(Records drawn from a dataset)
......

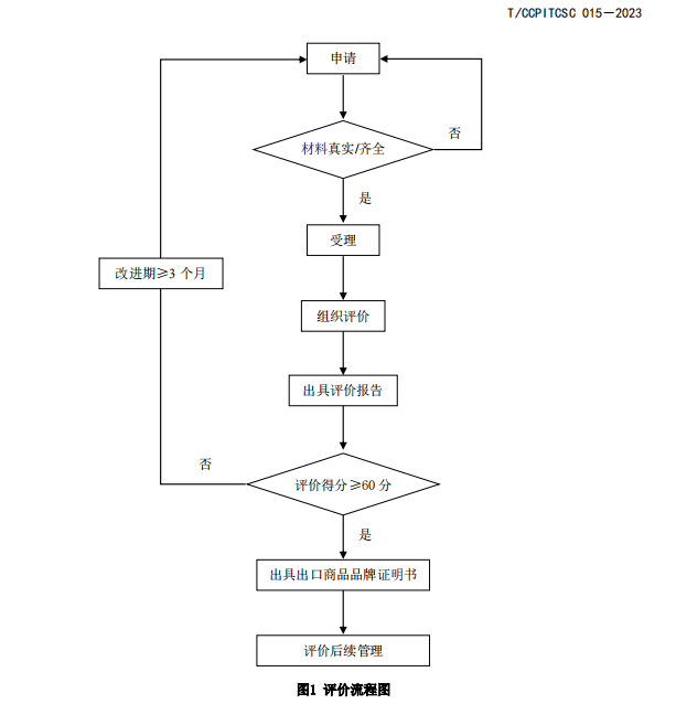 评价流程主要包括申请、受理、组织评价(首次评价、复审评价)、出具评价报告、出具出口商品品牌证明书、评价后跟踪,见图1。
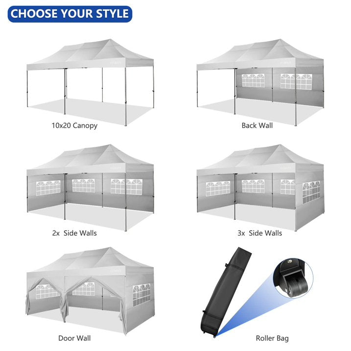 10x20 commercial canopy frame is full truss construction with powder coated, durable and rustproof. Party tent is made of 420D high quality Oxford with two layers of PU coating, UPF 50+, blocks 99% of the sun's rays. Seams are fully sealed to prevent water leakage, 100% waterproof. 6 PU coated removable sidewalls are connected by a whole strip of Velcro and zipper for tying frame top and legs. You can install different number of sidewalls according to your needs. Upgraded strong wheels and reinforced handle, easy to move and transport.
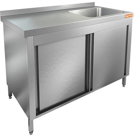 900х600х850мм, НСЗК1М-9/6БП стол с ванной моеч. 1 секц. (500х400х250) справа, закрыт.,двери-купе
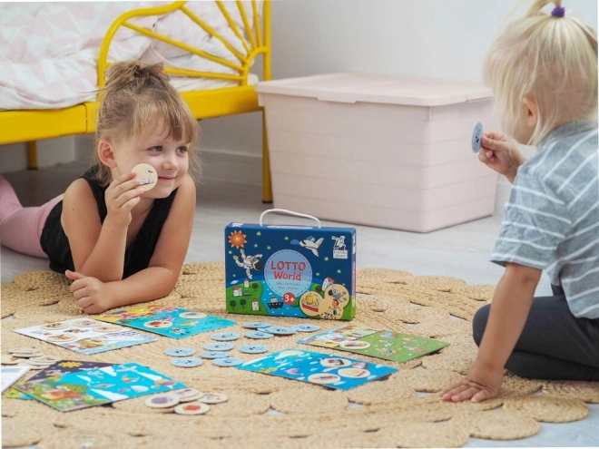 Loto Mondo è un gioco destinato a 1-6 giocatori e offre quattro diverse varianti di difficoltà, garantendo divertimento per bambini di età e abilità diverse. L'obiettivo principale è assegnare i gettoni alle immagini corrispondenti sulla tavola di gioco. In questo modo, i bambini non solo arricchiscono il loro vocabolario, ma si occupano anche di importanti processi cognitivi.
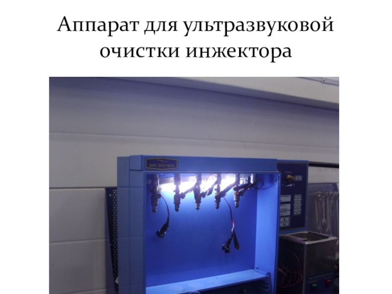 Слайд 19Аппарат для ультразвуковой очистки инжектора
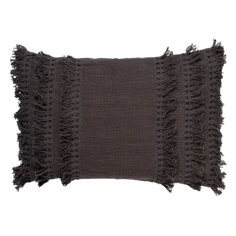 FARA - Sierkussen 40x60 cm - 100% katoen - met franjes - Charcoal Gray - antraciet
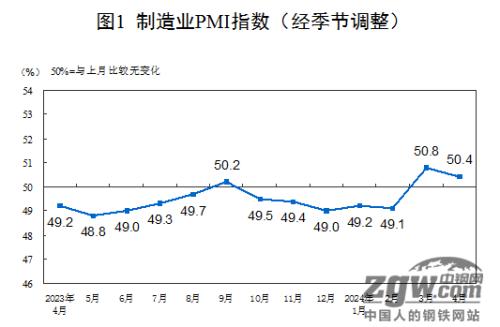 今日国家统计局发布PMI指数显示,中国4月官方制造业PMI50.4,预期50.4,前值50.8。整体较上月下降0.4%,维持在景气区间,连续两个月高于50,保持在景气区间,宏观回升势头平稳。
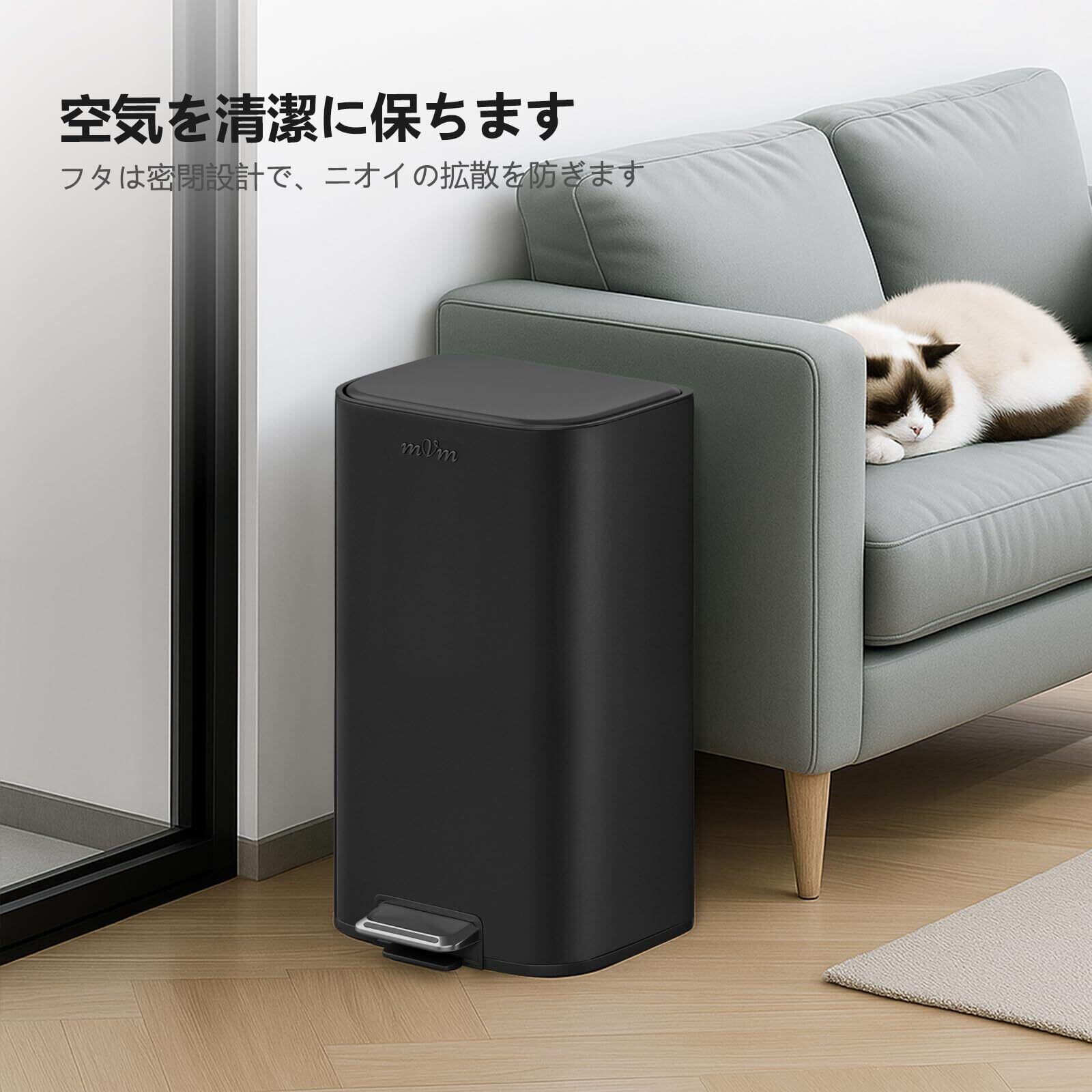【静音設計】ペダル式ゴミ箱にはダンパーが付いており、軽やかに静かに蓋が閉まるため、静かな環境を実現します。家庭やオフィスなど、どんな場でも心地よく使用できます。密閉されたふた付きゴミ箱がニオイの漏れを防止し、快適な空間を保ちます。
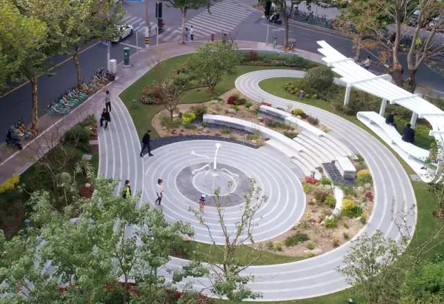 同时,还增设了混凝土塑性而成的座椅和叶片形的廊架,组成有人可以驻足休憩的空间。此外,威海路花园还是静安法制文化绿地,定期向市民进行普法宣传。
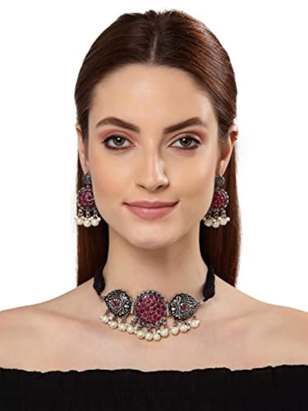 Enhance your traditional look with this elegant oxidised necklace set. Crafted with intricate design, it adds a touch of sophistication to your attire.
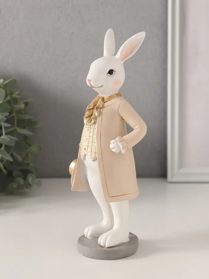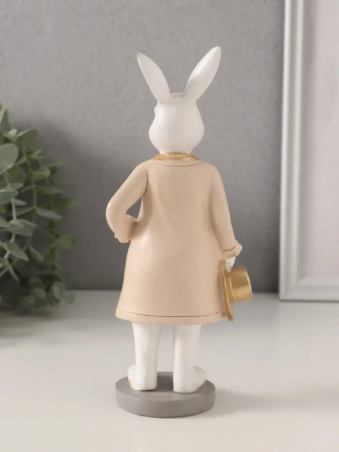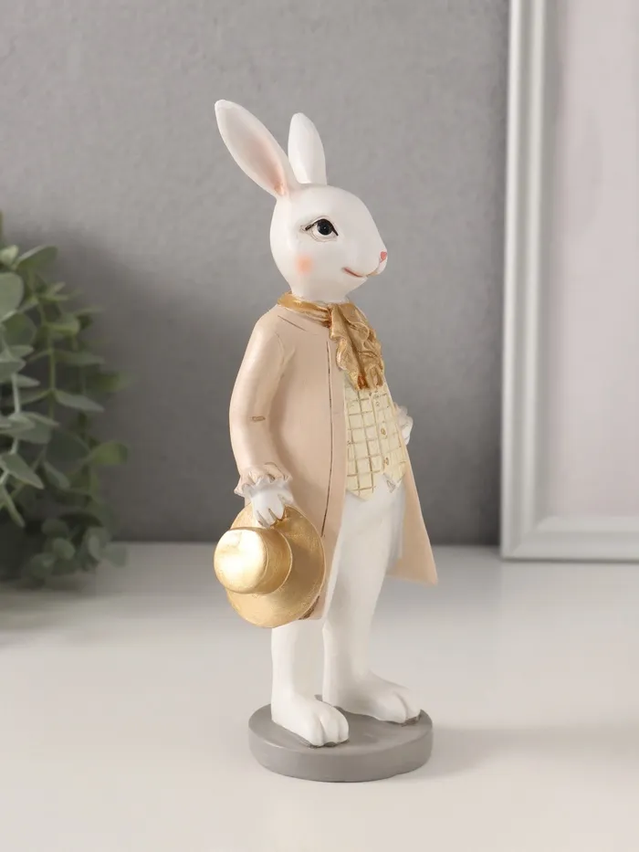 Фигурка полистоун «Белый кролик с золотым цилиндром и жабо», 8.5×6×20 см — Характеристики
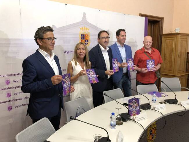 De izqda a dcha: Facundo Pelayo, concejal de Deportes; Carmen Fernández, concejal de Cultura; Alfonso Polanco, Alcalde de Palencia; Sergio Lozano, concejal de Fiestas y Luis Miguel Robles, representante del Consejo de Peñas / Roberto Lagartos
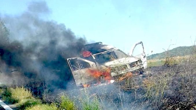 Pompierii de la stația Babadag au fost solicitați să intervină. Martorii spun că Dacia s-a ciocnit cu o altă mașină, după care a ricoșat în afara drumului. Autoturismul a fost cuprins imediat de flăcări. Echipele de salvare care au sosit la locul accidentului au observat că focul s-a întins și la vegetația uscată din zonă.
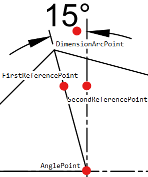 AnglePoint specifies the tip of the measured angle. FirstReferencePoint and SecondReferencePoint lie on the extension lines. DimensionArcPoint lies on the dimension line.
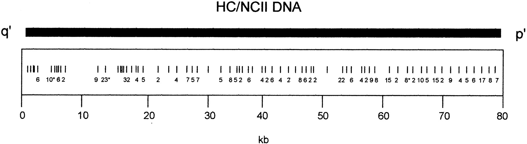 Differences between the ∼80-kb HC and NCII sequences. Vertical bars represent the positions of single nucleotide differences between the two sequences. The numbers below represent the number of single nucleotide differences (where there is more than one difference) over a 1-kb region. Numbers with asterisks represent clusters of differences.
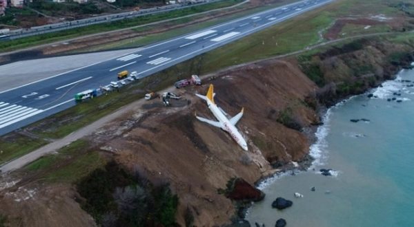 Um avião derrapou na pista do aeroporto da cidade turca de Trabzon e acabou pendurado num barranco perto do mar. A aeronave Boeing 737 da Pegasus Airlines tinha 168 pessoas a bordo, segundo informações da rede britânica BBC.
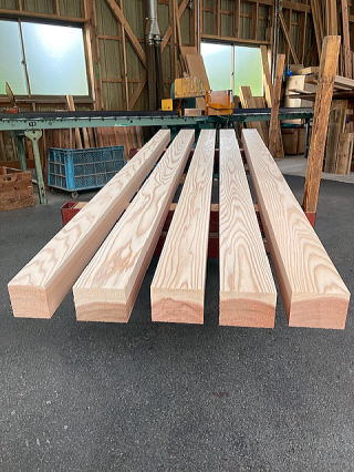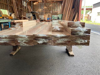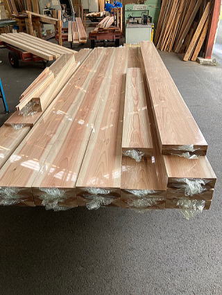 杉の造作材は傷が付きやすいので、梱包時にはしっかりと固定されるように注意を払います。あとは運送屋さんが荷下ろしするときに材料をぶつけて傷にならない様にひたすら祈るのみです(笑)

......

ABOUT THIS TASK: Only an exact copy belongs in the answer: the lines from the one containing "Um avião derrapou" through the end of the records, both ends included, minus the pictures.

TASK RESULT:
 Um avião derrapou na pista do aeroporto da cidade turca de Trabzon e acabou pendurado num barranco perto do mar. A aeronave Boeing 737 da Pegasus Airlines tinha 168 pessoas a bordo, segundo informações da rede britânica BBC.
 杉の造作材は傷が付きやすいので、梱包時にはしっかりと固定されるように注意を払います。あとは運送屋さんが荷下ろしするときに材料をぶつけて傷にならない様にひたすら祈るのみです(笑)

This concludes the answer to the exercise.